*Records to process:*
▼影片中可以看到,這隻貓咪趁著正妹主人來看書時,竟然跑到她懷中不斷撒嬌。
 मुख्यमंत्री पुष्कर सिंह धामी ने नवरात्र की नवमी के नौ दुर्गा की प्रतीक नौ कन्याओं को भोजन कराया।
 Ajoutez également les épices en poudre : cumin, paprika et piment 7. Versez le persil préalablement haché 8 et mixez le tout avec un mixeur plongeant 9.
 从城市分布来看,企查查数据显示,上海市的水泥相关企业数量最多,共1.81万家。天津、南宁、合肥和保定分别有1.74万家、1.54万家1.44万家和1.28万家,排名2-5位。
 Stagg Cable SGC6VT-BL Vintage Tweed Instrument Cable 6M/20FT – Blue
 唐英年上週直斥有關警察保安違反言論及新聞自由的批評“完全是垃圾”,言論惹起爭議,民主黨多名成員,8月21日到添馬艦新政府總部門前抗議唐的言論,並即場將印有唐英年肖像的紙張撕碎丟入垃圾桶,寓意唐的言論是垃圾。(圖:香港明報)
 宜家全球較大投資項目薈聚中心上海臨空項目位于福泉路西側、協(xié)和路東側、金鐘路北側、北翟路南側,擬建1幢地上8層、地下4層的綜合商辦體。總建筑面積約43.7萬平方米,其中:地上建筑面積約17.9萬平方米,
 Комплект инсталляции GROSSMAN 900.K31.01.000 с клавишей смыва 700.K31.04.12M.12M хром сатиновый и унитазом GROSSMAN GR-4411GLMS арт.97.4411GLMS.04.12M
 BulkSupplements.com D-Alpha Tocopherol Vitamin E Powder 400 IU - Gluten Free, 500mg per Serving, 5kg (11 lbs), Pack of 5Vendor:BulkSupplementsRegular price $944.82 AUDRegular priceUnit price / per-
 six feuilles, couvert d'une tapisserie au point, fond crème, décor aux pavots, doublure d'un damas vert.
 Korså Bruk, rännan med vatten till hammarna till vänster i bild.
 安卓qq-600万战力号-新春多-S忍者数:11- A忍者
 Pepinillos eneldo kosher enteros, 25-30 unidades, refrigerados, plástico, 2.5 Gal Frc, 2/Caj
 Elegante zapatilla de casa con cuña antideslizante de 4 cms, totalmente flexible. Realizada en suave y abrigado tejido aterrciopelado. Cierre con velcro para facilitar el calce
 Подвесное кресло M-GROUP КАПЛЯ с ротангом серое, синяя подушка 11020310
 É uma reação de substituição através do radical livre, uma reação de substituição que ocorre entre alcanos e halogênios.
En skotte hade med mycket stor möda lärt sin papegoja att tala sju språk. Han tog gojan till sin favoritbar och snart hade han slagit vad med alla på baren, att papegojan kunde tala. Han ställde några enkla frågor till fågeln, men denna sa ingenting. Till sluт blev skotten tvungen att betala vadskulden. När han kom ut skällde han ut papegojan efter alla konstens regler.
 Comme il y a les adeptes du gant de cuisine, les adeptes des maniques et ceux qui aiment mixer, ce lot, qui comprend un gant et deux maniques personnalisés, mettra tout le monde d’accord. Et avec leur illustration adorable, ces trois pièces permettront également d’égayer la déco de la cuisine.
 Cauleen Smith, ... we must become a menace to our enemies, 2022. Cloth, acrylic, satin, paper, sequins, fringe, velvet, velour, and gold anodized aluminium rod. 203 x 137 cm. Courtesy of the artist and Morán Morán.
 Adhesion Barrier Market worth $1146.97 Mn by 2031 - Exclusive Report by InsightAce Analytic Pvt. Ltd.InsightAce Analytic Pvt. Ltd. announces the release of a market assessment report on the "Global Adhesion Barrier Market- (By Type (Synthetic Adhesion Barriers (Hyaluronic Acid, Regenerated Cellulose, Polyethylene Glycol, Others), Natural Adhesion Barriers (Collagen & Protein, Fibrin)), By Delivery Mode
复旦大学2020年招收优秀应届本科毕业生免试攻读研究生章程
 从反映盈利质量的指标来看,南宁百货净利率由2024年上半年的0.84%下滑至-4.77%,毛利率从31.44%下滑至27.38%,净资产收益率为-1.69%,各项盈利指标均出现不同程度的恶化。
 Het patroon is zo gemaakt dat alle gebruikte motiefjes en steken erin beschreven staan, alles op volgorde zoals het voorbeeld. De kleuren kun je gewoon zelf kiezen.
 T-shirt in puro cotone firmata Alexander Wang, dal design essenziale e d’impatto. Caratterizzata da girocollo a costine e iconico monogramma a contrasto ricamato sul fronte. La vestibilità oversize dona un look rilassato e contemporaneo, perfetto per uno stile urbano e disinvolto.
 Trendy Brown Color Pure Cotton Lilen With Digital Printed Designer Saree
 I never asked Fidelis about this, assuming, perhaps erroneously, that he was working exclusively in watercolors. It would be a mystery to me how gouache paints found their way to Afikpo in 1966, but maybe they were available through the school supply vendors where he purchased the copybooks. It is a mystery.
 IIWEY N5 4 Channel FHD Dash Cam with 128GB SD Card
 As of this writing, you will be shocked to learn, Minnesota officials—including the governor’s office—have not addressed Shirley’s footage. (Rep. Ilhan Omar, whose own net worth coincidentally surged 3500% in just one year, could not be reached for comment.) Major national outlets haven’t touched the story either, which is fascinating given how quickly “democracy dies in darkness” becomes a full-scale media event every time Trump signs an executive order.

*What the task asks:* Word for word, restate the entries from the first line to the line that has "Комплект инсталляции GROSSMAN", both included, and nothing else.

*Reply to the exercise:*
▼影片中可以看到,這隻貓咪趁著正妹主人來看書時,竟然跑到她懷中不斷撒嬌。
 मुख्यमंत्री पुष्कर सिंह धामी ने नवरात्र की नवमी के नौ दुर्गा की प्रतीक नौ कन्याओं को भोजन कराया।
 Ajoutez également les épices en poudre : cumin, paprika et piment 7. Versez le persil préalablement haché 8 et mixez le tout avec un mixeur plongeant 9.
 从城市分布来看,企查查数据显示,上海市的水泥相关企业数量最多,共1.81万家。天津、南宁、合肥和保定分别有1.74万家、1.54万家1.44万家和1.28万家,排名2-5位。
 Stagg Cable SGC6VT-BL Vintage Tweed Instrument Cable 6M/20FT – Blue
 唐英年上週直斥有關警察保安違反言論及新聞自由的批評“完全是垃圾”,言論惹起爭議,民主黨多名成員,8月21日到添馬艦新政府總部門前抗議唐的言論,並即場將印有唐英年肖像的紙張撕碎丟入垃圾桶,寓意唐的言論是垃圾。(圖:香港明報)
 宜家全球較大投資項目薈聚中心上海臨空項目位于福泉路西側、協(xié)和路東側、金鐘路北側、北翟路南側,擬建1幢地上8層、地下4層的綜合商辦體。總建筑面積約43.7萬平方米,其中:地上建筑面積約17.9萬平方米,
 Комплект инсталляции GROSSMAN 900.K31.01.000 с клавишей смыва 700.K31.04.12M.12M хром сатиновый и унитазом GROSSMAN GR-4411GLMS арт.97.4411GLMS.04.12M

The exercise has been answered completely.